Como ha sucedido con otras experiencias traumáticas en el pasado, puede que estemos inmersos en una suerte de amnesia colectiva que nos permite seguir adelante como si nada, al mismo tiempo que nos impide hablar públicamente de lo vivido durante esos años y reconocer sus secuelas. Existen cada vez más estudios sobre las consecuencias psicológicas que tuvieron en diferentes grupos sociales y de edad la pandemia y las medidas de distanciamiento social que se implementaron para mitigarla. Hay también cada vez más investigaciones sobre el impacto que tuvieron el cierre prolongado de los centros educativos y el cambio, súbito en muchos casos, a modelos de enseñanza digitales o híbridos sobre el aprendizaje y la maduración de los estudiantes. Pero más allá de estas aproximaciones fragmentadas, generalmente restringidas al ámbito académico y de análisis de políticas públicas, no existe un reconocimiento público y un debate más amplio sobre lo que significó suspender los cauces y ritmos habituales de la vida en todo el mundo por meses y años. Tampoco acerca de los efectos a medio y largo plazo sobre la salud mental de la población global del miedo y la incertidumbre sostenidos en el tiempo. Quizá estemos demasiado cerca aún para afrontar la fragilidad a la que nos retrotrae evocar lo vivido y sentido durante los años de la covid.
Argumenta la reverenda Greene que “el duelo para algunas personas es más aterrador que la ira, porque la ira nos hace sentirnos a la defensiva, como si estuviéramos haciendo algo, y el duelo es sólo vulnerabilidad, algo que no le importa a nadie más“. Si la tristeza es pasiva, la ira es acción; se puede dirigir contra algo o alguien, desde el amigo o familiar no vacunado hasta el adversario político o las mismas autoridades.
La polarización, la desinformación y la desconfianza en las instituciones estaban con nosotros antes de la pandemia.
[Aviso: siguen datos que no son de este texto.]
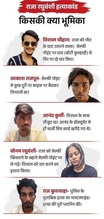 इसके पहले बुधवार को भी सोनम वीडियो कॉन्फ्रेंसिंग के माध्यम से विपिन के सामने आई थी। विपिन ने बताया कि राज कुशवाह सहित चारों आरोपी भी वीडियो कॉन्फ्रेंसिंग के माध्यम से कोर्ट में उनके सामने आए थे।

Pero la experiencia de la crisis sanitaria, de los confinamientos y otras medidas de distanciamiento social ha contribuido a una sociedad más rota, de individuos más aislados y frágiles, más expuestos a un mundo virtual, crecientemente acelerado y caótico. “Hay una epidemia de soledad”, sostiene Schroeder Stribling, presidenta y directora ejecutiva de Mental Health America, una organización sin ánimo de lucro, en el citado artículo. “Ha habido mucho aislamiento y la pandemia contribuyó enormemente a eso. Hemos visto directamente cómo nos afecta el aislamiento: nos enferma”, añade. Junto a la ruptura de los procesos de relación, estuvieron la pérdida de la noción del tiempo y de nuestros referentes cotidianos. La sensación de que el mundo humano, tal y como lo conocemos, puede detenerse de un día para otro, sin mediar violencia física, fue una experiencia antropológica inédita. No sería extraño que haya dejado una huella mucho más profunda de lo que aparenta en nuestro inconsciente individual y colectivo.
Es comprensible que ese duelo no resuelto, esa tristeza convertida en ira, responda bien por un tiempo a las retóricas coléricas y actitudes agresivas que vemos proliferar ahora mismo, proporcionando en muchos un espejismo de alivio. Si atendemos al ciclo del duelo, es de esperar que en algún momento la ira se disuelva y regrese la tristeza. Con ella, la asunción de la pérdida, en este caso, el reconocimiento colectivo de todo lo que perdimos en los años de pandemia, cada uno a su escala y en su contexto, y cómo esos años cambiaron el curso de muchas trayectorias. A partir de este reconocimiento, es posible que entremos en una etapa más constructiva, de mayor sosiego y mesura.
Olivia Muñoz-Rojas es doctora en Sociología por la London School of Economics e investigadora independiente. oliviamunozrojasblog.com.